_The data:_
== Segment start ==
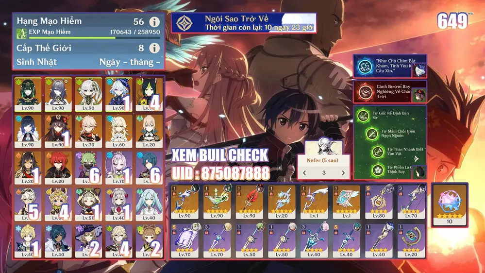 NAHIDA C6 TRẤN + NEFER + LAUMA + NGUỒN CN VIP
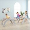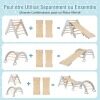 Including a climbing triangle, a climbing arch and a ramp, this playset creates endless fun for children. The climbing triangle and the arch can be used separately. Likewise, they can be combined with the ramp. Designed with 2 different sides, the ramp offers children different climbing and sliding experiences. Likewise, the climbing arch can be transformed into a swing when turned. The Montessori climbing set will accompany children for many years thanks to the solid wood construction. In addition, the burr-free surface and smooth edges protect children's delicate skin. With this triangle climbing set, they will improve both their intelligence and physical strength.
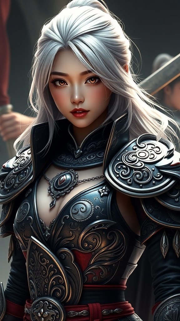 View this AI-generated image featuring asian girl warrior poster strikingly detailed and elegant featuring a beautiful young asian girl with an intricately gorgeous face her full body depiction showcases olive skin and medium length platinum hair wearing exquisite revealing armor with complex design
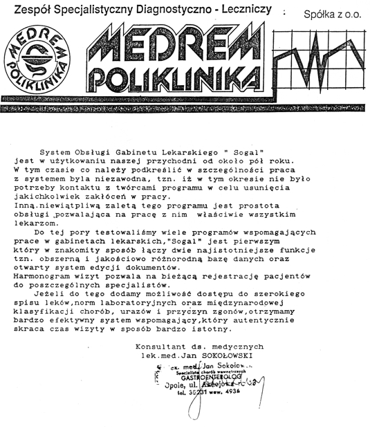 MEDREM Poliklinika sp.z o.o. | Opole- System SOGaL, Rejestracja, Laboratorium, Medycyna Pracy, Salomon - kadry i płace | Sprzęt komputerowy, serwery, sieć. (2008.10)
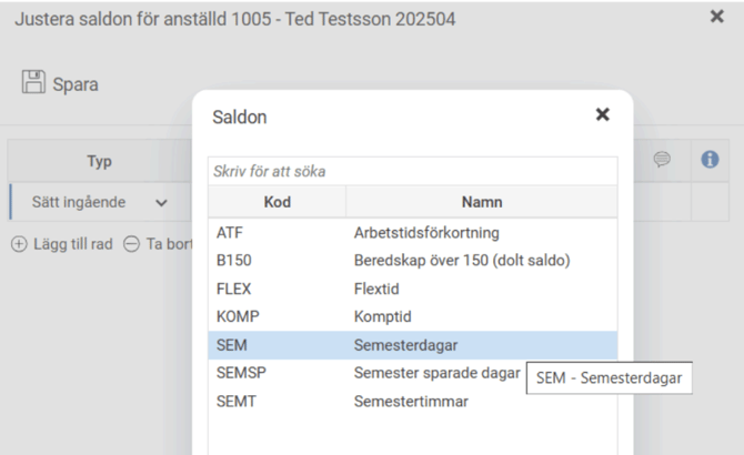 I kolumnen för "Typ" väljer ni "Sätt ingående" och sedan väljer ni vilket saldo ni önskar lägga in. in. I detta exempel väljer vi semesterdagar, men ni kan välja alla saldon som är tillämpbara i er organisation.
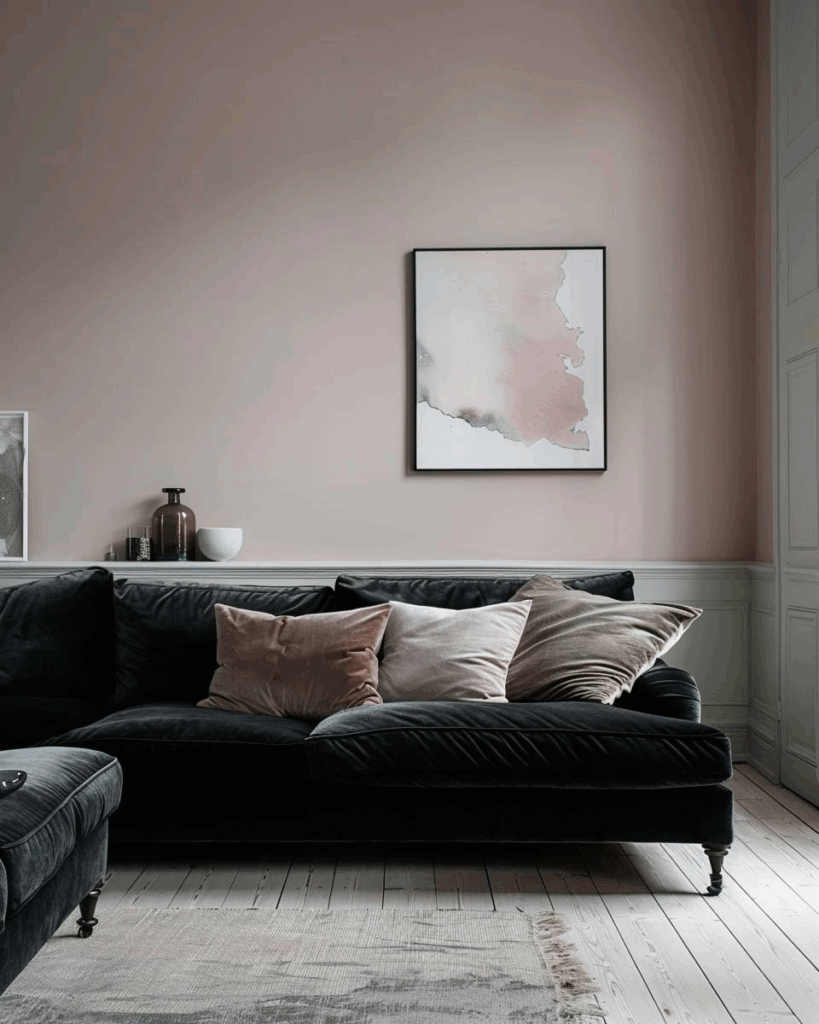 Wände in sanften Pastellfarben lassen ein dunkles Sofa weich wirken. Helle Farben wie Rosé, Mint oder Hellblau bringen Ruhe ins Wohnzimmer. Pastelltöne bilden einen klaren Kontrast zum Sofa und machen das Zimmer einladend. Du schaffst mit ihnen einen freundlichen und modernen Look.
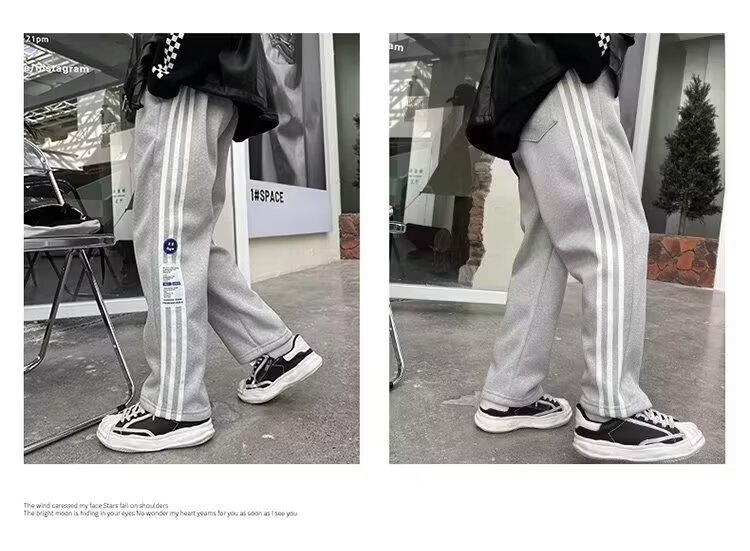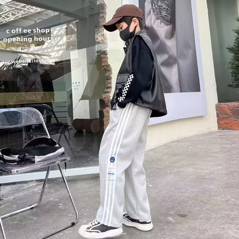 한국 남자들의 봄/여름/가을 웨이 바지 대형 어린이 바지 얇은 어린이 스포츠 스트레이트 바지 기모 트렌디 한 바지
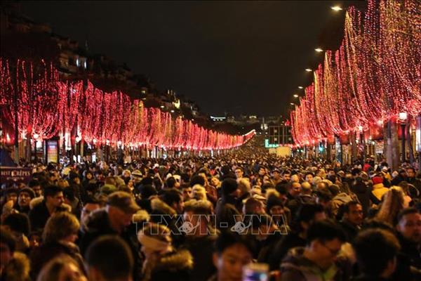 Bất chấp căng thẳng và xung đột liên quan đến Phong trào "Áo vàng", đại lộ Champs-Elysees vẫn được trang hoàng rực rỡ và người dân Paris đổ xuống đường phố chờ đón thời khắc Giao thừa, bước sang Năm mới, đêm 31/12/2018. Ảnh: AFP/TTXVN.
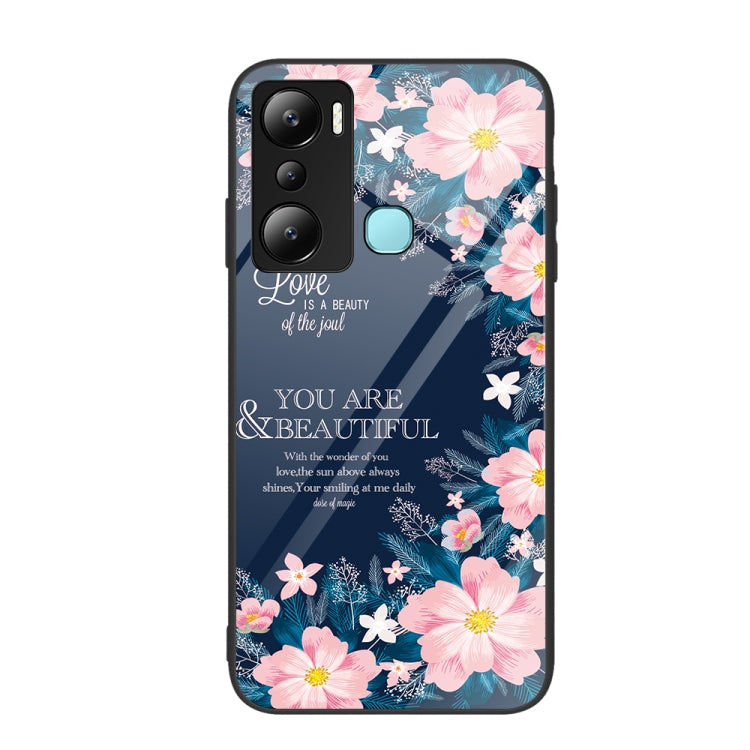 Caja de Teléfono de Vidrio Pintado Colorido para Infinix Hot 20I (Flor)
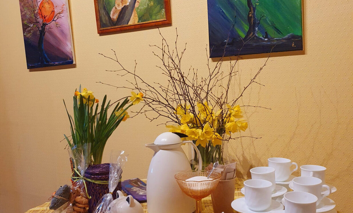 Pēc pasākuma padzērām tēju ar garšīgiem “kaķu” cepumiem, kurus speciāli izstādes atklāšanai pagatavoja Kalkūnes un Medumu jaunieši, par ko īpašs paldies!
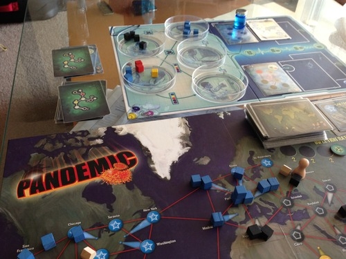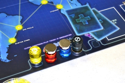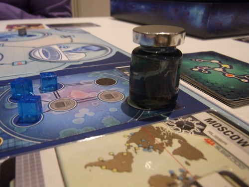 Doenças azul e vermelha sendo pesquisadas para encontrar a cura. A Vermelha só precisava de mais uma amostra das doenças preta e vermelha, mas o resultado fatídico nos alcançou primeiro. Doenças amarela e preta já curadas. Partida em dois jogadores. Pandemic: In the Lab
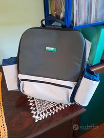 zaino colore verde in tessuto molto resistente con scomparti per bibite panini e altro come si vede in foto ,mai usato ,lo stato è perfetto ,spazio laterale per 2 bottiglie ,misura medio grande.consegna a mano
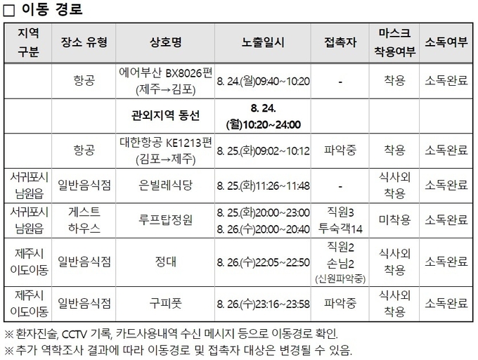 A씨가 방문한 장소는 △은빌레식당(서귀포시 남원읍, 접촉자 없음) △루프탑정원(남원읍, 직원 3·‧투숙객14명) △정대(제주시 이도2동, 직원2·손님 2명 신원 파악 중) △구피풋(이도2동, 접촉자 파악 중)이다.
== Segment end ==
Beginning at the line that contains "Bất chấp căng" and ending at the last line of the data, return each line exactly; no picture belongs in the copy.

_Output:_
 Bất chấp căng thẳng và xung đột liên quan đến Phong trào "Áo vàng", đại lộ Champs-Elysees vẫn được trang hoàng rực rỡ và người dân Paris đổ xuống đường phố chờ đón thời khắc Giao thừa, bước sang Năm mới, đêm 31/12/2018. Ảnh: AFP/TTXVN.
 Caja de Teléfono de Vidrio Pintado Colorido para Infinix Hot 20I (Flor)
 Pēc pasākuma padzērām tēju ar garšīgiem “kaķu” cepumiem, kurus speciāli izstādes atklāšanai pagatavoja Kalkūnes un Medumu jaunieši, par ko īpašs paldies!
 Doenças azul e vermelha sendo pesquisadas para encontrar a cura. A Vermelha só precisava de mais uma amostra das doenças preta e vermelha, mas o resultado fatídico nos alcançou primeiro. Doenças amarela e preta já curadas. Partida em dois jogadores. Pandemic: In the Lab
 zaino colore verde in tessuto molto resistente con scomparti per bibite panini e altro come si vede in foto ,mai usato ,lo stato è perfetto ,spazio laterale per 2 bottiglie ,misura medio grande.consegna a mano
 A씨가 방문한 장소는 △은빌레식당(서귀포시 남원읍, 접촉자 없음) △루프탑정원(남원읍, 직원 3·‧투숙객14명) △정대(제주시 이도2동, 직원2·손님 2명 신원 파악 중) △구피풋(이도2동, 접촉자 파악 중)이다.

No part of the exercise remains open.